The economist gives the country two stark choices. In order to get welfare back to its pre-recession ratio of 26 percent of pay, “either wages and salaries would have to increase $2.3 trillion, or 35 percent, to $8.8 trillion, or social welfare benefits would have to decline $500 billion, or 23 percent, to $1.7 trillion,” she said.
Last month, the Republican-led House of Representatives passed a $61 billion federal spending cut, but Senate Democratic leaders and the White House made it clear that had no chance of becoming law. Short-term resolutions passed have averted a government shutdown that could have occurred this month, as Vice President Biden leads negotiations with Republican leaders on some sort of long-term compromise.

“You’ve got to cut back government spending and the Republicans will run on this platform leading up to next year’s election,” said Joe Terranova, Chief Market Strategist for Virtus Investment Partners and a “Fast Money” trader.
Terranova noted some sort of opt out for social security or even raising the retirement age.
But the country may not be ready for these tough choices, even though economists like Schnapp say something will have to be done to avoid a significant economic crisis.
A Wall Street Journal/NBC News poll released last week showed that  less than a quarter of Americans supported making cuts to Social Security or Medicare in order to reign in the mounting budget deficit.
Those poll numbers may be skewed by a demographic shift the likes of which the nation has never seen.
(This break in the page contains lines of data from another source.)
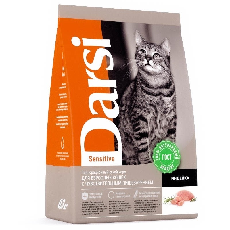 Darsi Sensitive сухой корм для кошек с чувствительным пищеварением с индейкой 300 г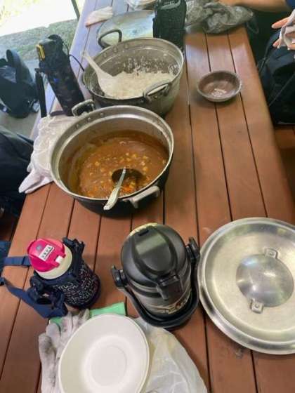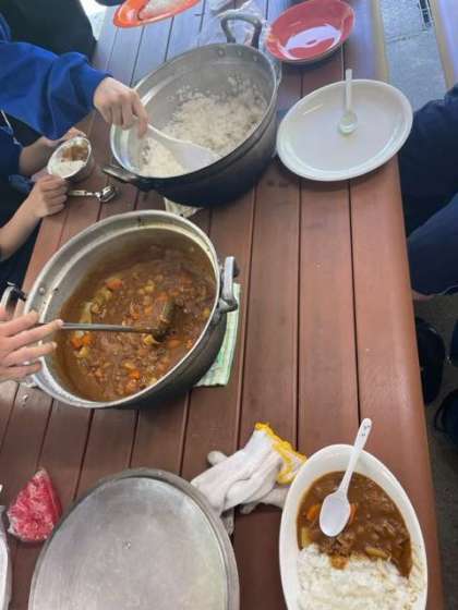 カレーが出来上がり始めています。班によってカレーに個性があります。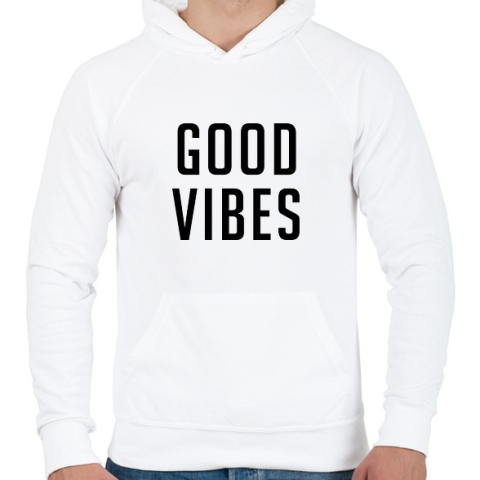 1 kép PRINTFASHION Good Vibes - Férfi kapucnis pulóver - Fehér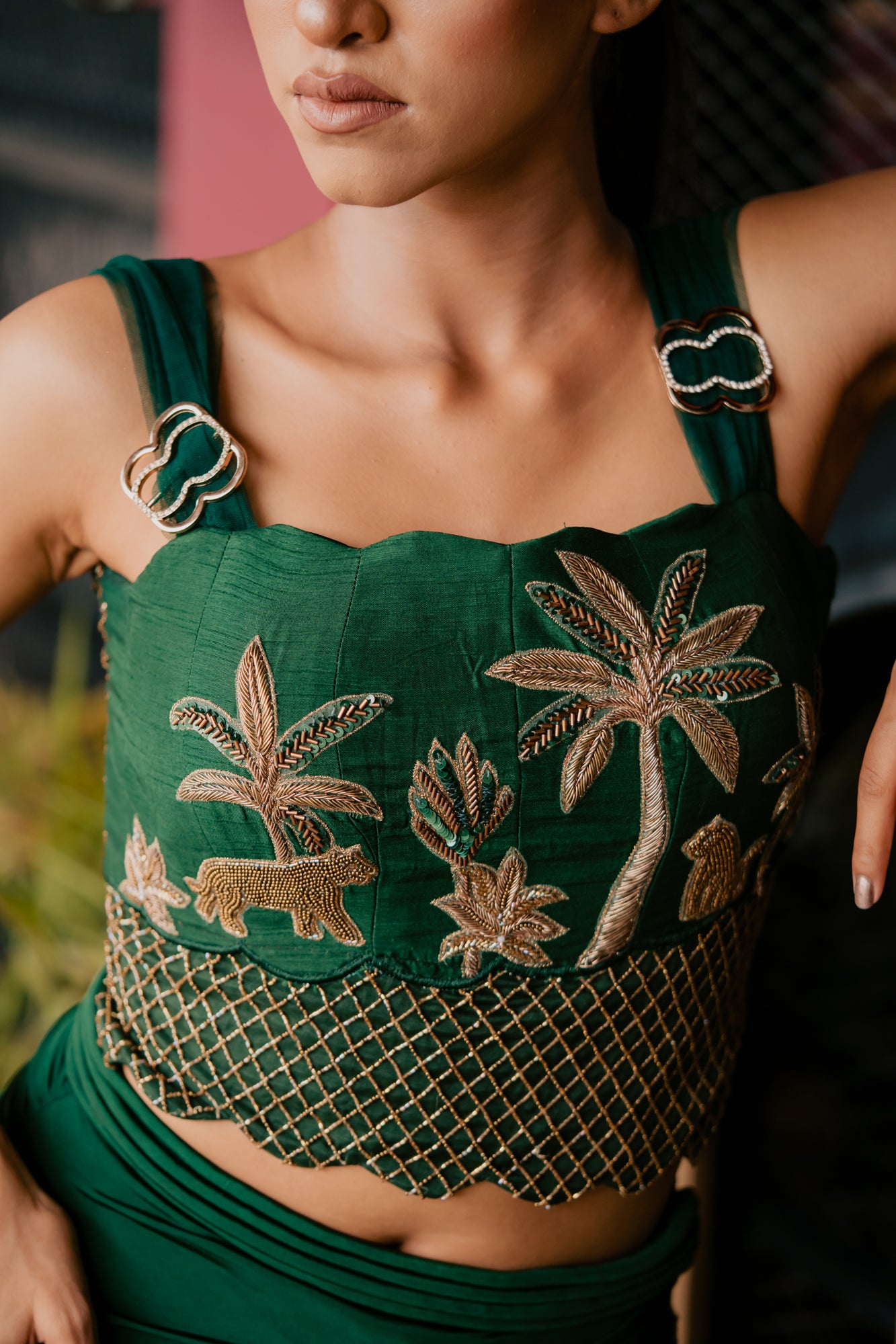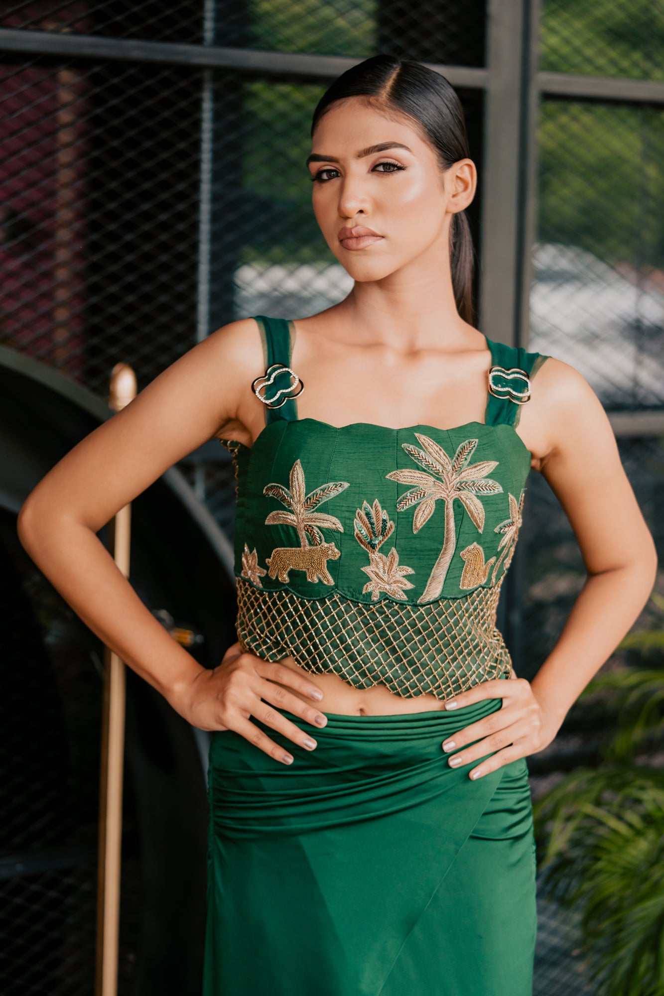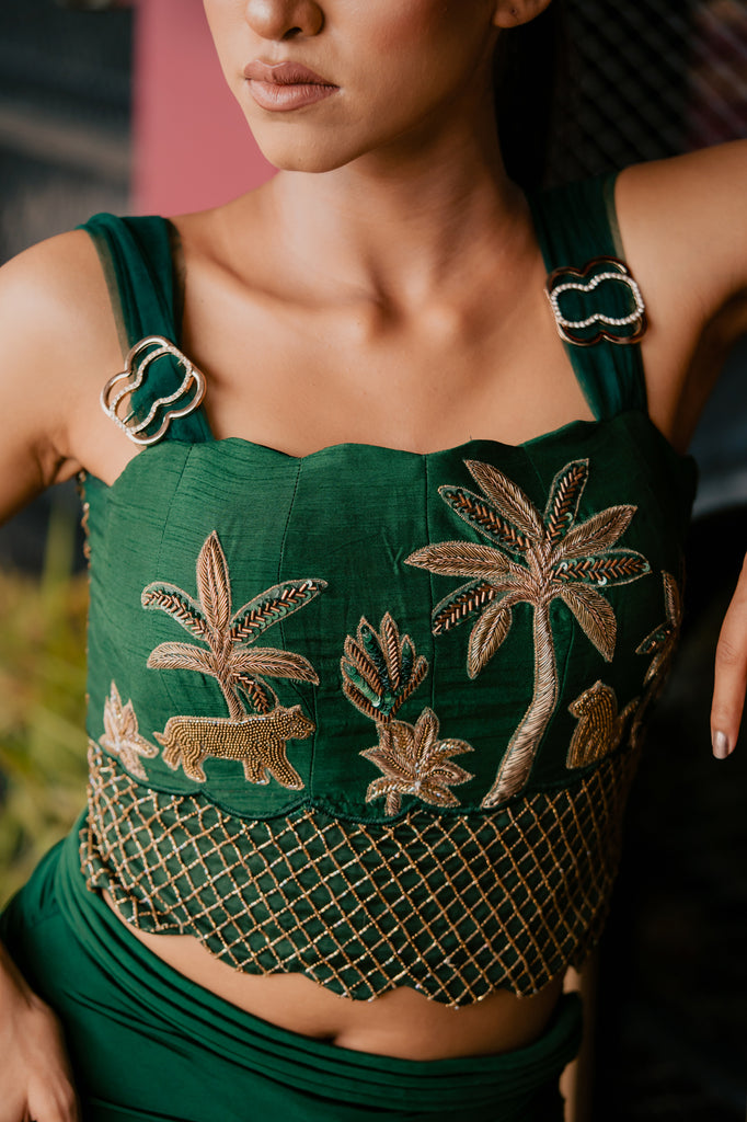 Emerald Leopard Embroidered Corset and Drape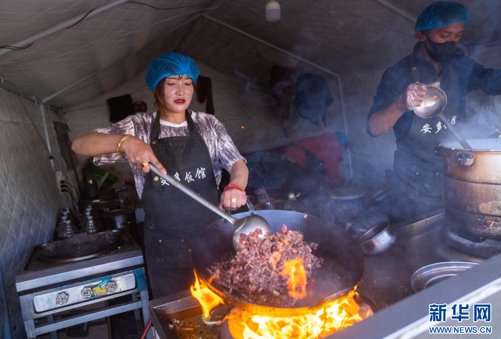 在定日縣長所鄉(xiāng)古榮村,定日縣安多飯館的吉瓊在為安置點的群眾做晚飯(1月15日攝)。新華社記者 丁增尼達 攝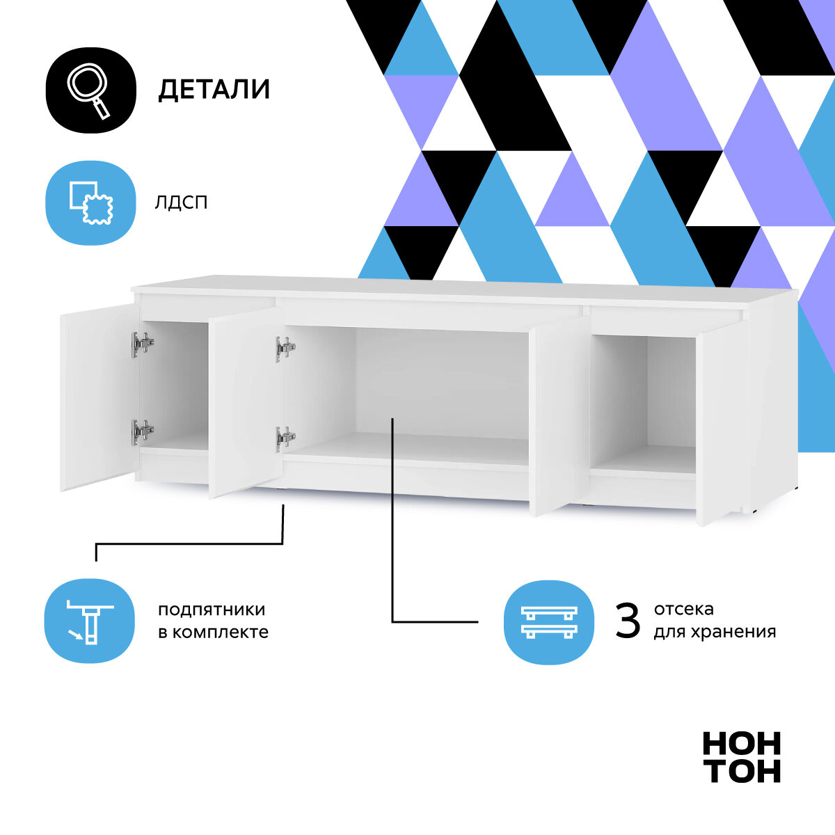 Тумба оснащена четырьмя распашными дверцами, которые обеспечивают удобный доступ к содержимому. Максимальная нагрузка на полку составляет 10 кг, что позволяет разместить на ней различные предметы, от книг до обуви.

Only this year has the first round of baby boomers begun collecting Medicare benefits—and here comes 78 million more.
Social welfare benefits have increased by $514 billion over the last two years, according to TrimTabs figures, in part because of measures implemented to fight the financial crisis. Government spending normally takes on a larger part of the spending pie during economic calamities but how can the country change this make-up with the root of the crisis (housing) still on shaky ground, benchmark interest rates already cut to zero, and a demographic shift that calls for an increase in subsidies?
At the very least, we can take solace in the fact that we’re not quite at the state welfare levels of Europe. In the U.K., social welfare benefits make up 44 percent of wages and salaries, according to TrimTabs’ Schnapp.
“No matter how bad the situation is in the US, we stand far better on these issues (debt, demographics, entrepreneurship) than other countries,” said Steve Cortes of Veracruz Research. “On a relative basis, America remains the world leader and, as such, will also remain the world's reserve currency.”